Web alone shouldn't be capitalized.

> Confirms that there exists in the database a web-wide exception for a specific site.

"web" isn't capitalized here.

WebIDL [2] has:
> This document defines an interface definition language, Web IDL, that can be used to describe interfaces that are intended to be implemented in web browsers.

IndieUI [3] has:
> This provides an intermediate layer between device- and modality-specific user interaction events, and the basic user interface functionality used by web applications.

> A user is a natural person who is making, or has made, use of the Web.

this is an exceptional case where it /might/ be ok to capitalize "the
Web". I'd actually suggest it isn't really necessary here. It's a
different story if you want to write "The Web Platform" or something
similar... If you're really interested in capitalizing Web, you can
write "the World Wide Web" ....

That said. Suppose that HitchBOT [4] wants to use the web, and has
some privacy preferences. (As it happens, HitchBOT was fairly public,
but perhaps a slightly more paranoid version might choose to not want
to be targeted by "personal defense" advertising....)

> A party is a natural person, a legal entity, or a set of legal entities that share common owner(s), common controller(s),
> and a group identity that is easily discoverable by a user.

If there's a group that isn't easily discoverable, what happens?

> Common branding or providing a list of affiliates that is available via a link from a resource where a party describes DNT practices are examples of ways to provide this discoverability.
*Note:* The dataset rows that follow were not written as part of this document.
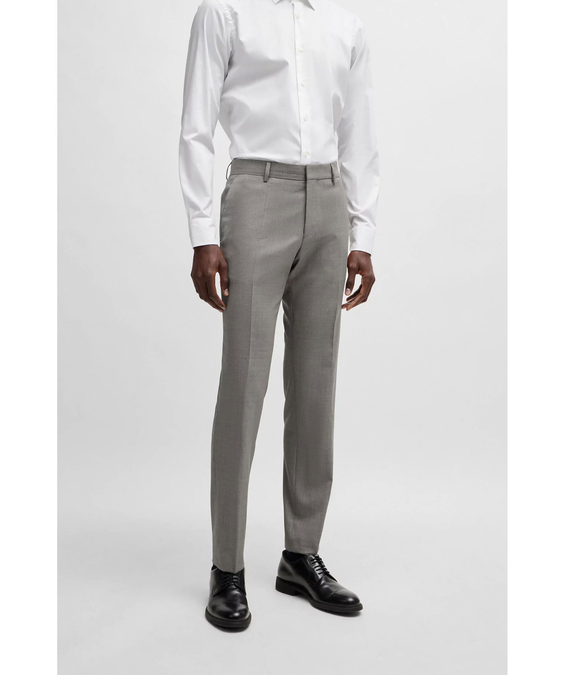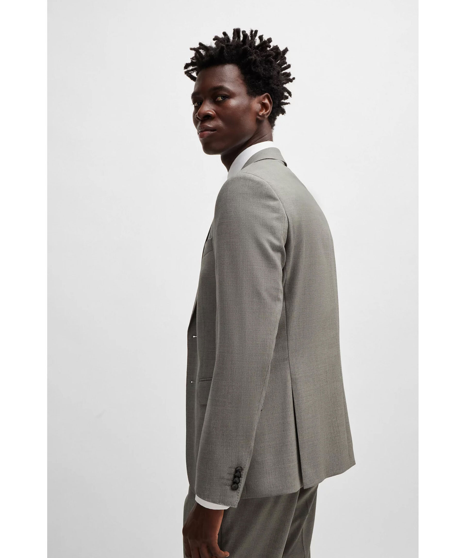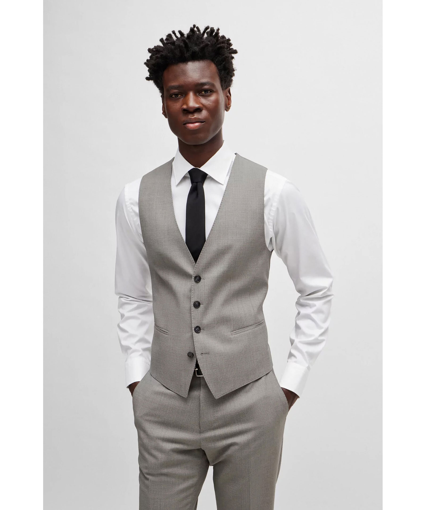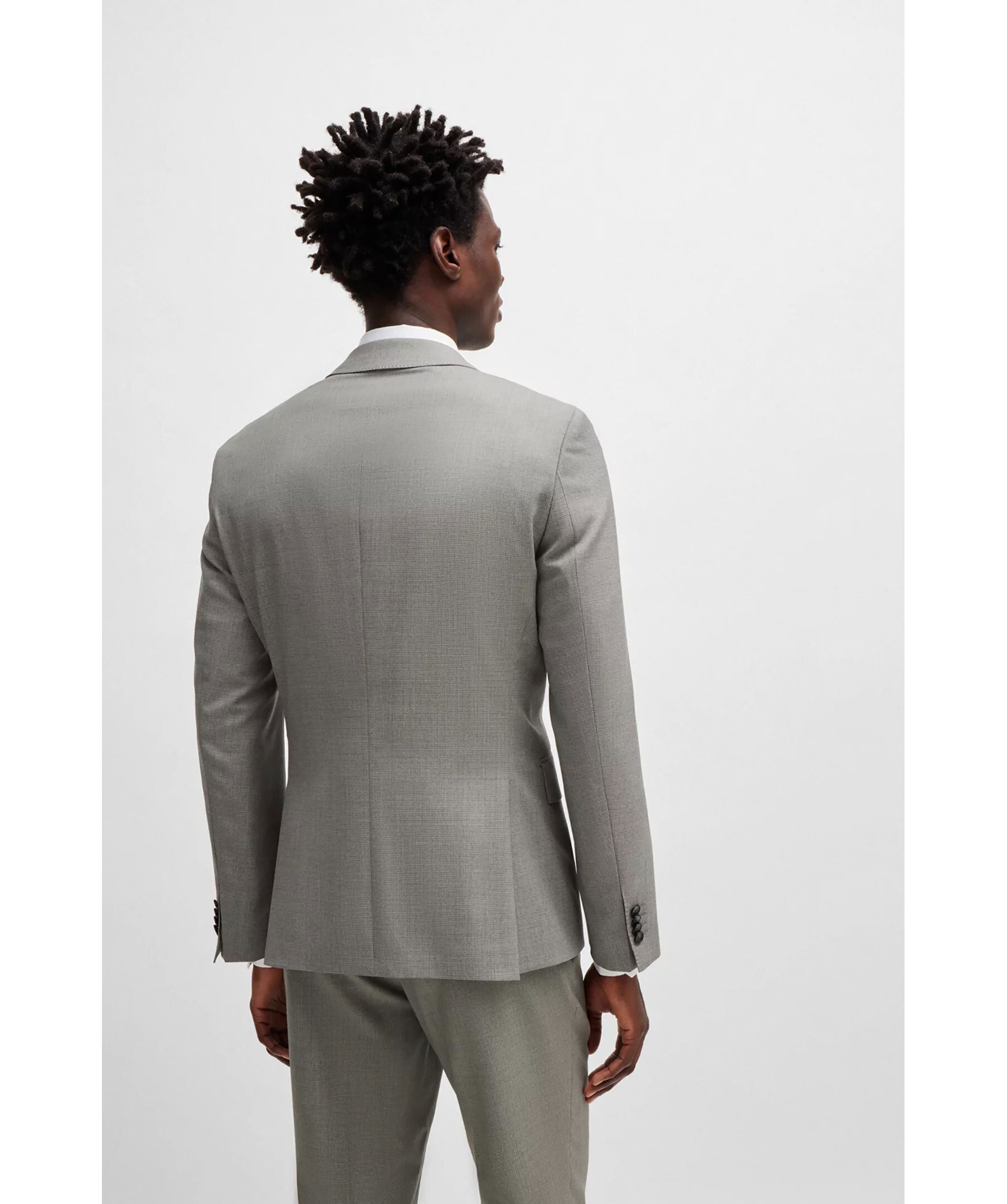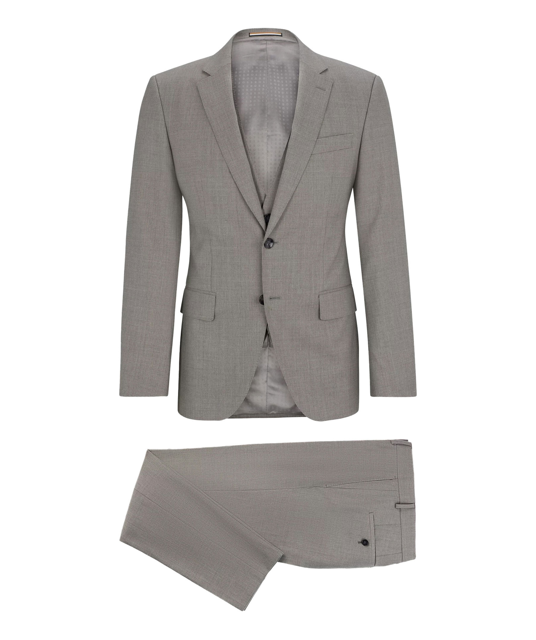Grå kostym från BOSS Black. Kostymen har ett subtilt mönster. Kavajen är enkelknäppt, samt har naggade slag, två fickor och en bröstficka. Byxorna har bälteshällor i midjan, två sidfickor samt två passpoalfickor med knapp. Kostymväst med två passpoalfickor. Tillverkad i en ullblandning.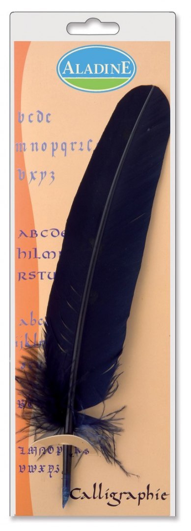 Pióro do kaligrafii bez stalówki. Prawdziwe ptasie pióro ze ściętą końcówką do maczania w kałamarzu. Występuje w kolorach białym, czarnym, zielonym, bordowym, czerwonym i granatowym - wysyłamy losowy kolor. Do pisania starodawną metodą. Nieodpowiednie dla dzieci w wieku poniżej 36 miesięcy. Wymiary opakowania 31,5x10,5 cm. Samo pióro ma długość około 20-24 cm.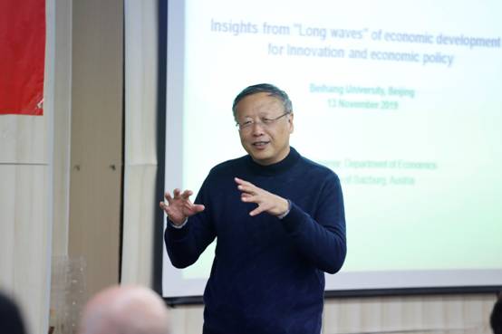 2019年11月13日,奥地利萨尔斯堡大学商学院MBA项目主任WalterScherrer副教授来到北航beats365亚洲体育投注,做客第34期北航经商大讲堂,他的报告题目是“Insights from "Long Waves" of Economic Development for Innovationand Economic Policy”。beats365亚洲体育投注陈向东教授主持了本次大讲堂。经管学院师生20余人参加了此次报告会。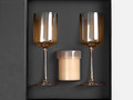 Два элегантных фужера из прозрачного стекла с тонкими ножками подчеркивают блеск любимого вина или шампанского, а ароматическая свеча в стильном стеклянном подсвечнике с крышкой дарит уютный свет и наполняет пространство нежным ароматом.
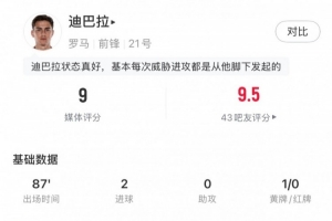 体育资讯2月21日讯 欧联杯淘汰赛附加赛,迪巴拉2球,罗马3-2波尔图。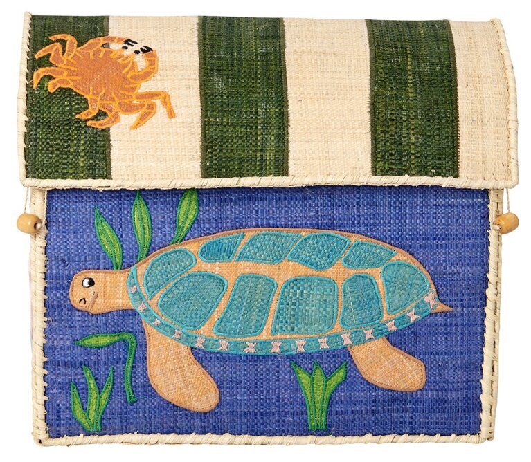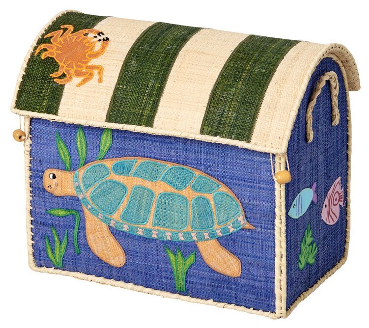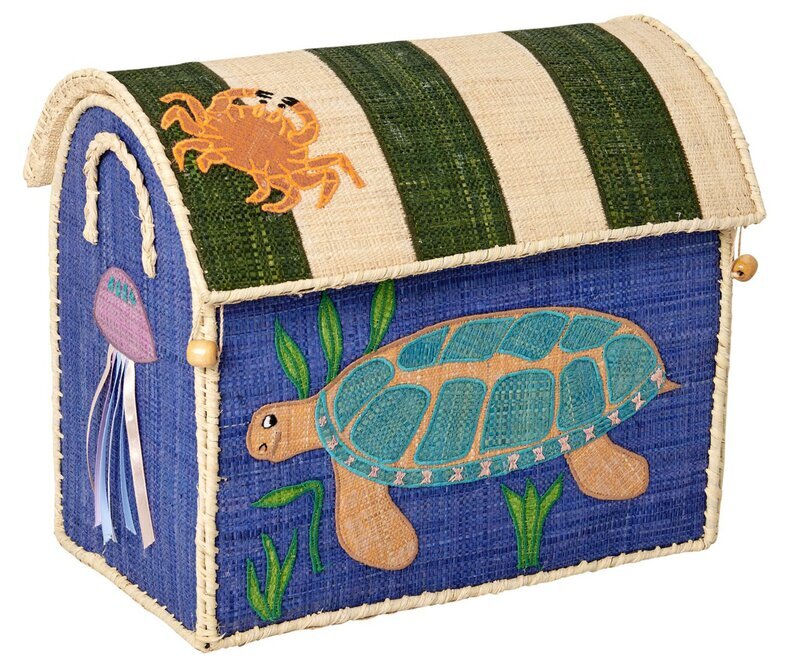 Charmig förvaringslåda/förvaringshus från danska Rice. Huslådan som är handgjord av färgglad bast är både praktisk och samtidigt underbart söt till leksaker. Taket är öppningsbart och fästes fast med små hakar. Korgarna har flätade handtag på sidorna och lekfullt broderade detaljer. Om huset blir konstant utsatt för solljus kan en viss blekning uppstå.
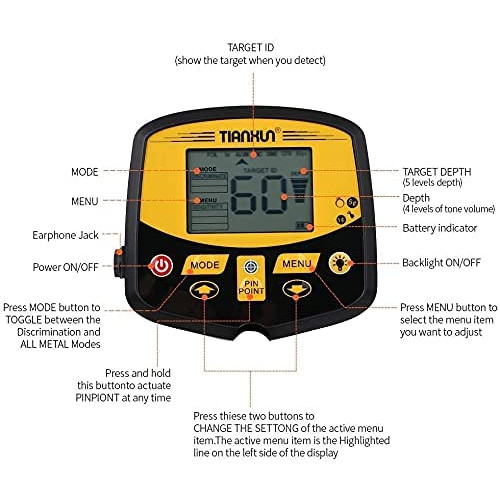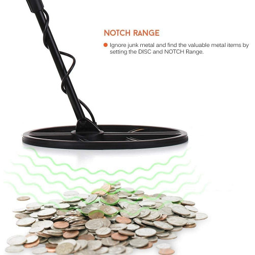 3 Modo de detección: todo metal (detectar todo tipo de metal), disco (tipo de metal discriminado), PINPOINT (encuentre la ubicación exacta de un objetivo)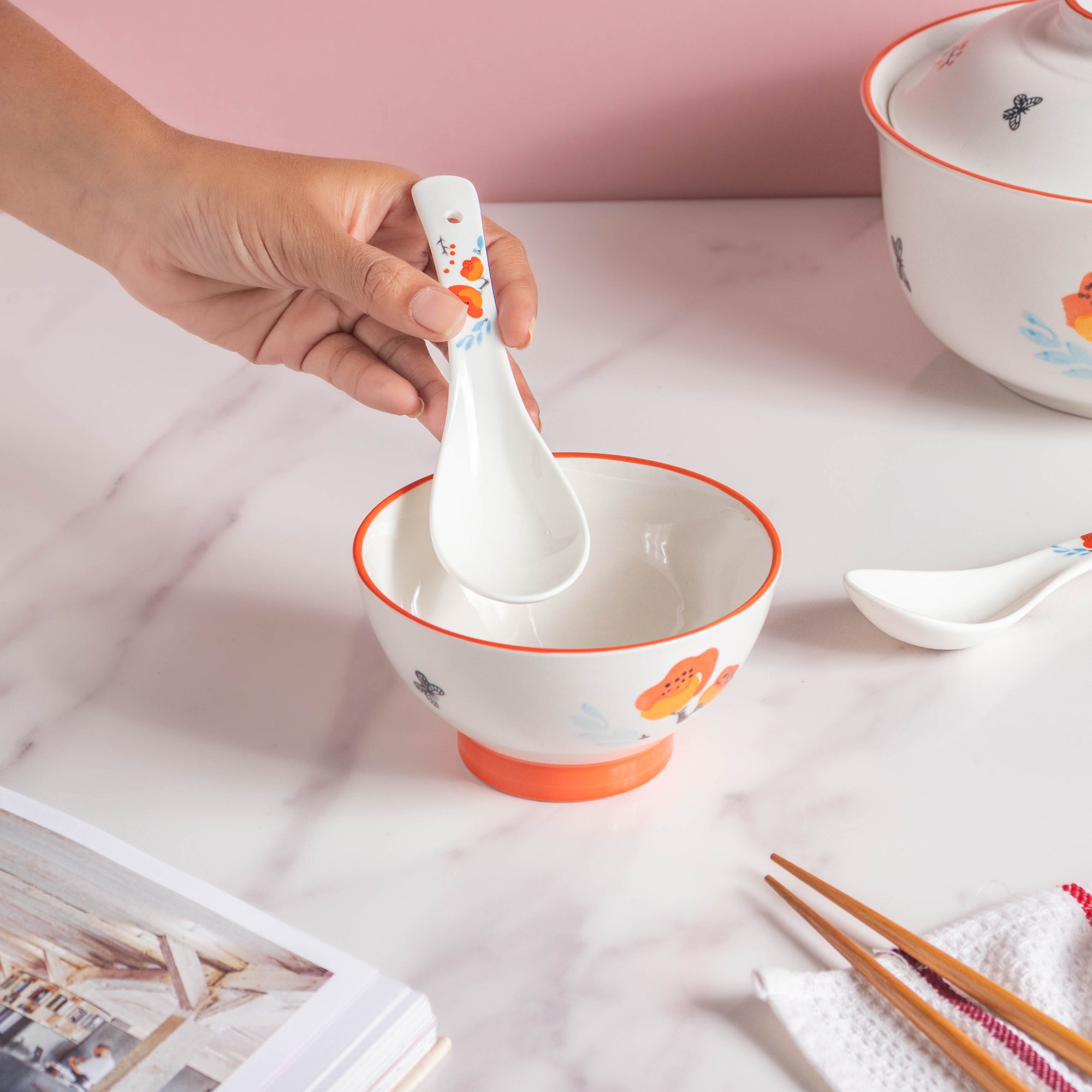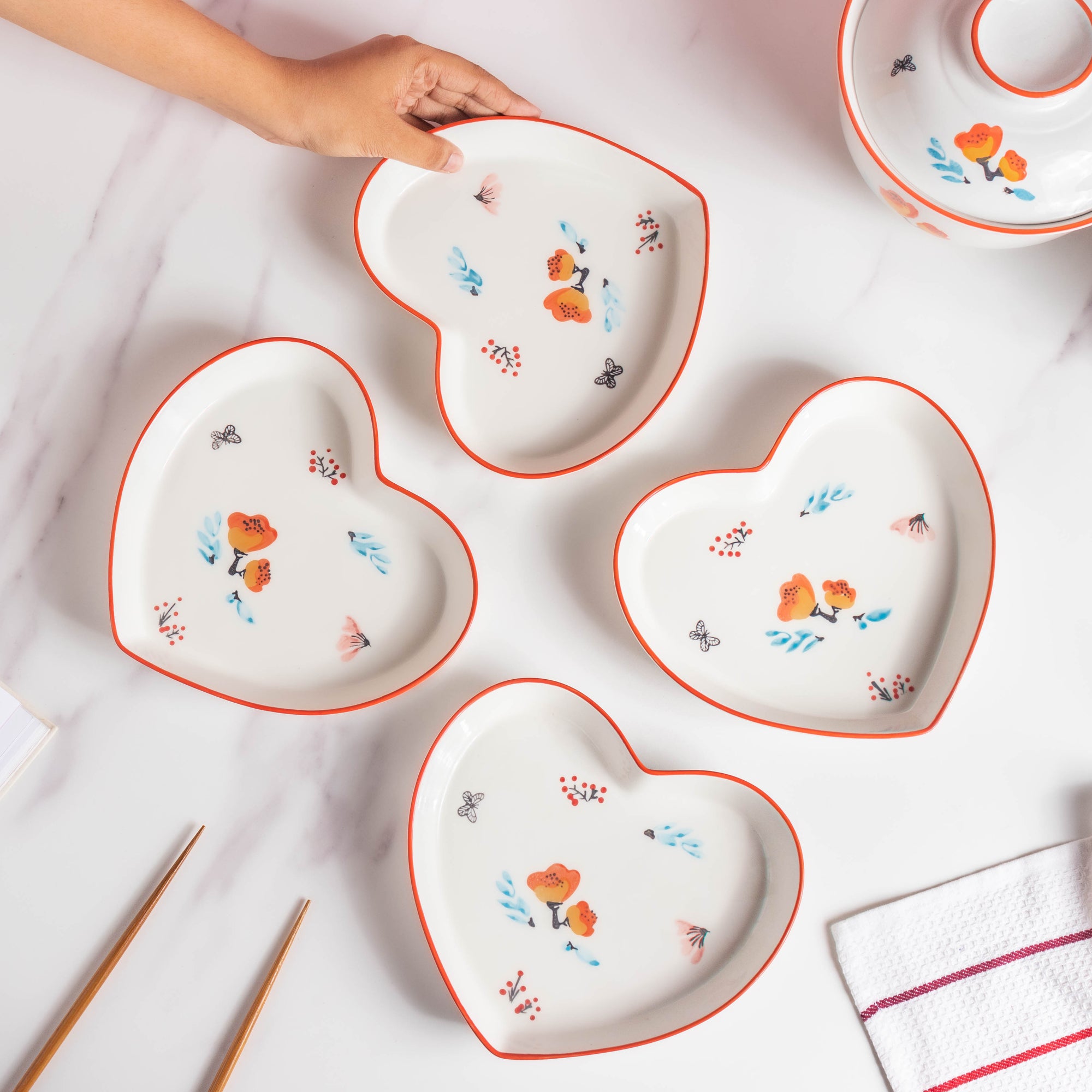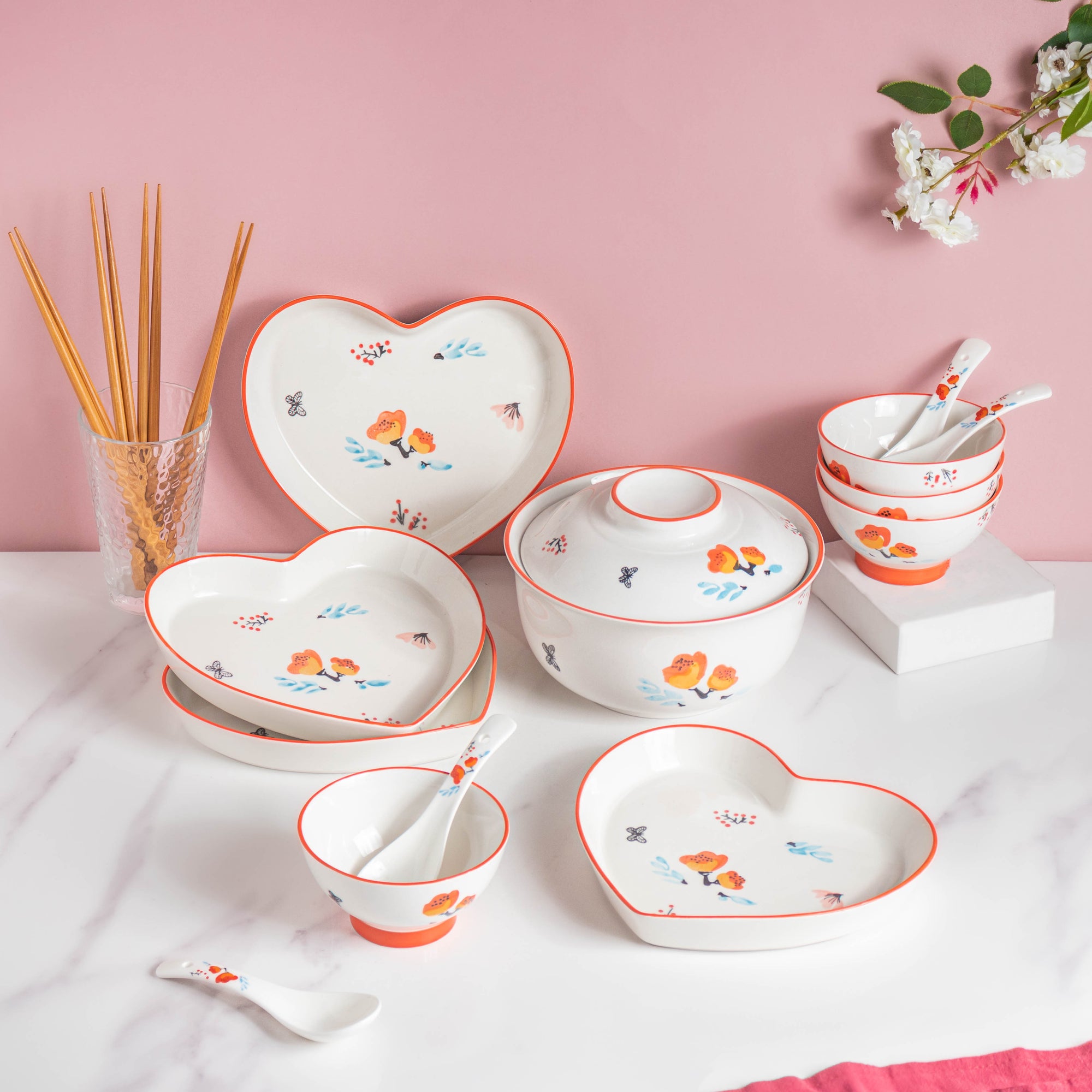 Adding some quirk to the table can become hard, one doesn't want to come off as overbearing. The perfect and easiest way is to get a set that is minimal while also being unique and colorful. The thirteen-piece set is exactly that, with minimal floral prints on a pristine white backdrop. The ceramic set has four heart plates, a pot with a lid, four bowls, four soup spoons, and four pairs of chopsticks. Dim sums can be served on the heart-shaped plates, while soups and dips can be served in the little bowls. The plates can be used separately or in a creative way to serve snacks, fruits, and other items. The plates also offer a splash of color to the table, making it appear more trendy and appealing. Nestip: The pot with lid in the ceramic set can be used as a serving bowl separately. Color: White and redCapacity:Serving Bowl: 1200mlSmall Bowl: 300 ml Material: Ceramic Style: B17MA21B251
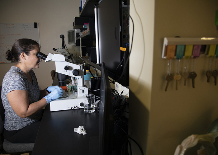 Julie Vecchio looks into a microscope at the University of South Florida College of Marine Science in St. Petersburg and deftly wields a set of tweezers.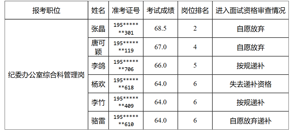 因本次公开选调中,纪委办公室综合科管理岗2人,自愿放弃面试资格审查,根据《成都信息工程大学关于2025年公开选调工作人员公告》,现递补2名考生进入面试资格审查,具体情况如下: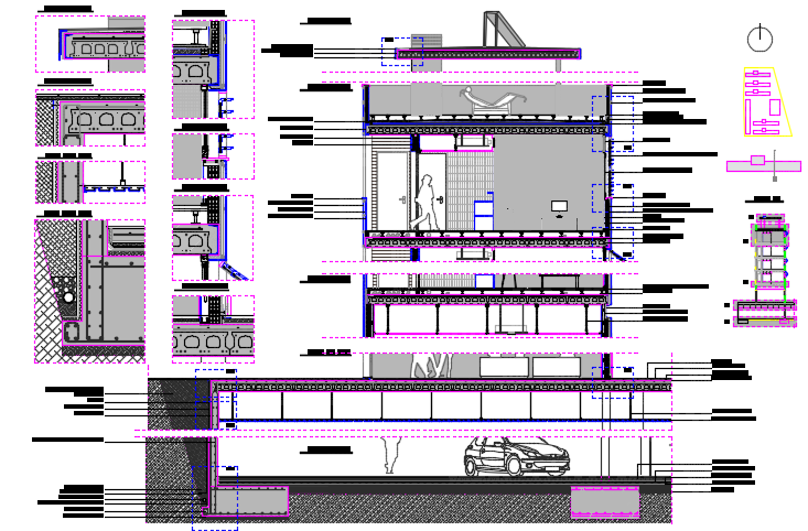 Metallic steel structure details plan detail dwg file, with naming detail, car parking detail, dimension detail, etc.

> Each of those parties is considered a first party if a user would reasonably expect to communicate with all of them when accessing that resource.

all => each

> For any data collected as a result of one or more network interactions resulting from a user's action,

This is a fairly long and unwieldy sentence, could you split it into
multiple sentences, as in:

When a user intentionally makes an action, the intended recipient of
that action is the first party (or parties).
A third party is any party that is neither the user, nor the first
party, nor any service provider acting on behalf of either of those
parties.
It is understood that data may be collected by the user (or any
agents), the first party (or any agents), and potentially by other
unidentified third parties.
While this collection may happen, it may be seen as undesirable by the user.

> Conformance criteria and considerations regarding error handling are defined in Section 2.5 of [RFC7230].

Why isn't this linked? (It was linked in the previous occurrence, and
[RFC7231] was linked at least twice prior to this point.)

> If an origin server has multiple, request-specific tracking policies, such that the tracking status might differ depending on some aspect of the request
> (e.g., method, target URI, header fields, data, etc.)

e.g. & etc. -> drop etc.

> indicates that data collected via the target resource might be used for tracking and that an applicable tracking status representation can be obtained by performing a retrieval request on

should this end with a `:` ?

> /.well-known/dnt/fRx42

as in:

> A tracking status resource space is defined by the following URI Template [RFC6570]:
> /.well-known/dnt/{+status-id}

> A site-wide tracking status resource provides information about the potential tracking behavior of resources located at that origin server. A site-wide tracking status resource has the well-known identifier
> /.well-known/dnt/

ibid

> The representation can be cached, as described in section 6.4.4 Caching.

can -> may (?)

> where the value of status-id is a string of URI-safe characters provided by a Tk field-value in response to a prior request.

could this please link back to earlier where those characters were defined?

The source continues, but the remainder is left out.